Inside Somalia, al Shabaab has meticulously regenerated and worked to build support amongst various Somali clans who have felt disenfranchised or even threatened by the Somali government.

“If you look across the country, what you see is that there are administrations springing up all over that are basically clan fiefdoms that are building walls to protect themselves from the incursions of the Somali government,” explains Bronwyn Bruton, Deputy Director of the Atlantic Council’s Africa Center and expert on al Shabaab.

“Those groups occasionally cooperate with al Shabaab not because they like al Shabaab or they think al Shabaab is better than the government, but because the government is their bigger concern at that moment,” Bruton told The Cipher Brief.

Yet despite haphazard cooperation between clans and al Shabaab, the terrorist group remains detested throughout Somalia. Following the truck bombing, thousands took to the streets on Wednesday to denounce al Shabaab in a show of unity against the organization. And in Somalia’s presidential elections held in February, Somali politician Mohamed Abdullahi Mohamed emerged victorious in the country’s presidential elections after running on a staunch, anti-al Shabaab platform.

“To those who work with al Qaeda, al Shabaab and IS (Islamic State), your time is finished,” he said at his inauguration ceremony. “You have been misled, destroyed property and killed many Somalis. Come and we shall give you good life.”

AMISOM troops have battled diligently to beat back al Shabaab with mixed results.
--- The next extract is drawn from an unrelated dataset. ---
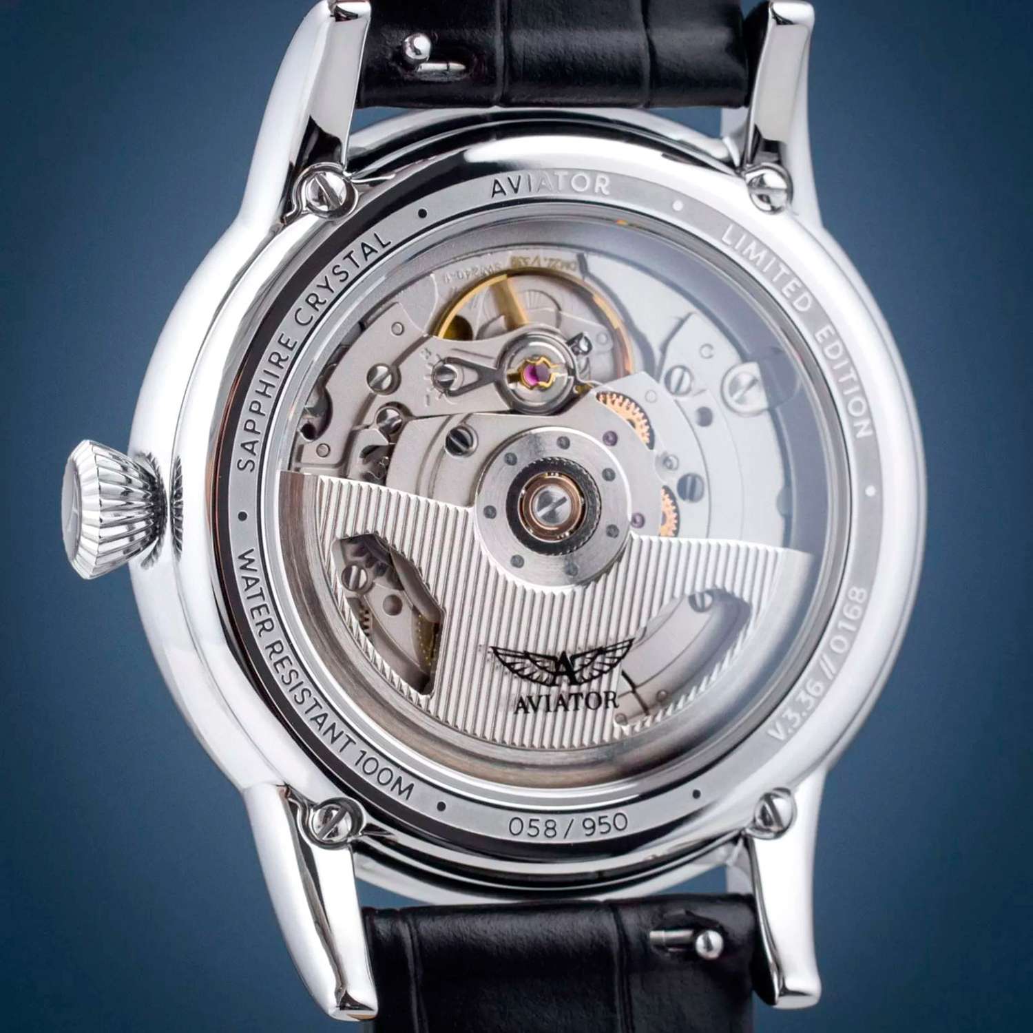 Aviator Douglas Day Date V.3.36.0.284.4— швейцарские часы в классике авиадизайна, сочетающие безупречную читаемость и высокую надёжность. Лимитированная серия. Корпус диаметром 41 мм выполнен из нержавеющей стали 316L. Накладные метки выполнены в виде арабских цифр. Окошко даты находится в положении 6 часов. День недели находится в положении 12 часов. Часовые метки и стрелки покрыты люминесцентным покрытиемЛюминесцентное покрытиеПозволяет считывать показания времени в темноте. Производители наносят на стрелки, часовые индексы, безель или поверхность циферблата светонакопительный состав, дающий холодное свечение. Superluminova, позволяющим легко определять время даже в тёмное время суток. Поверхность защищена прочным сапфировым стекломСапфировое стеклоПрочный и надёжный материал из кристалла сапфира синтетического происхождения, характеризующийся особой твёрдостью и устойчивостью к царапинам и повреждениям. с антибликовым покрытием, устойчивым к царапинам. Сердце модели — швейцарский механизм Sellita SW 240-2, известный своей точностью и долговечностью. Водозащита 100 метров, позволит плавать, нырять и заниматься другими водными видами спорта. Завинчивающаяся головка и задняя крышка обеспечивают уверенную ударопрочностьУдаропрочный корпусМеханизм заключён в корпус, выполненный из современных материалов, устойчивых к ударам, механическим повреждениям и падению с высоты: инновационный пластик, карбон, нержавеющая сталь, титан. и надёжную защиту от влаги и пыли. В механизме 26 камней, запас хода до 41 час. Модель дополнена кожаным ремешком с выразительной текстурой и классическим стилем, закреплённым с помощью застёжке-бабочке с кнопкамиЗастёжка "бабочка"Такой вид застёжки дополняется предохранителями, помогающими избежать случайного раскрытия браслета. Обладают изящным исполнением. — для максимального комфорта и лёгкости в повседневном использовании. Ротор механизма с заклепанными элементами и вырезанными окнами напоминает фюзеляж самолета. Aviator — это образец лётной точности, инженерной чёткости и сдержанной роскоши, идеально подходящий для тех, кто ценит функциональность и уверенность в каждом элементе.

In August, the United Nations Security Council voted to extend the deployment of AMISOM in Somalia until May 31, 2018, albeit with a troop decrease.

The U.S. also continues to provide assistance in the campaign to defeat the terror group. America launches drone attacks against al Shabaab targets, trains and advises Somali forces, and accompanies them during ground assaults. Additionally, since 2006, the U.S. has provided Somalia with $1.5 billion in humanitarian assistance.
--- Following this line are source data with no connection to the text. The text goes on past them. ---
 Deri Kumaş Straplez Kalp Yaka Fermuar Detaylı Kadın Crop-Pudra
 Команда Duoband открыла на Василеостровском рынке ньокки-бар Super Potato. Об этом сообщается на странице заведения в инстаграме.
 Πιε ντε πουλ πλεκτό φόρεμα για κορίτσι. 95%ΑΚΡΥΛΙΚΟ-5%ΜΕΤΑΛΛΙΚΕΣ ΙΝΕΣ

However, U.S. strategy in Somalia remains unclear, particularly as the U.S. has failed to delineate its objectives in the country. According to Bruton, U.S. policy in Somalia is faltering because it is too focused on nation-building as opposed to counterterrorism.

“The U.S. has very limited objectives in Somalia,” says Bruton.

“The U.S. should not be worried about reconstructing a state, it should focus on eliminating individuals in Somalia who wish harm to the U.S. homeland. That’s a very small objective.”

Experts suggest that the U.S. may benefit from taking a more diplomatic approach in Somalia rather than focus its efforts solely on militarily defeating al Shabaab.

“The problem from a U.S. standpoint is that the primary element of U.S. strategy in Somalia is military,” counterterrorism expert Seth Jones of the RAND Corporation told The Cipher Brief.

“There is no U.S. embassy in Somalia. The diplomatic and the development components are pretty small and largely ineffective. There’s a strong argument for increasing those focuses on Somalia, which can address deeper-rooted problems in the country,” he stated.

Perhaps drawing lessons from other countries would behoove the Trump administration as it charts it path forward in Somalia.

“The administration has a lot to learn from Turkey; soft-power in all fronts,” says Abukar Arman, former Somalia Special Envoy to the United States.

“You can’t win against al Shabaab without public support, and you can’t gain public support without soft-power,” Arman concludes.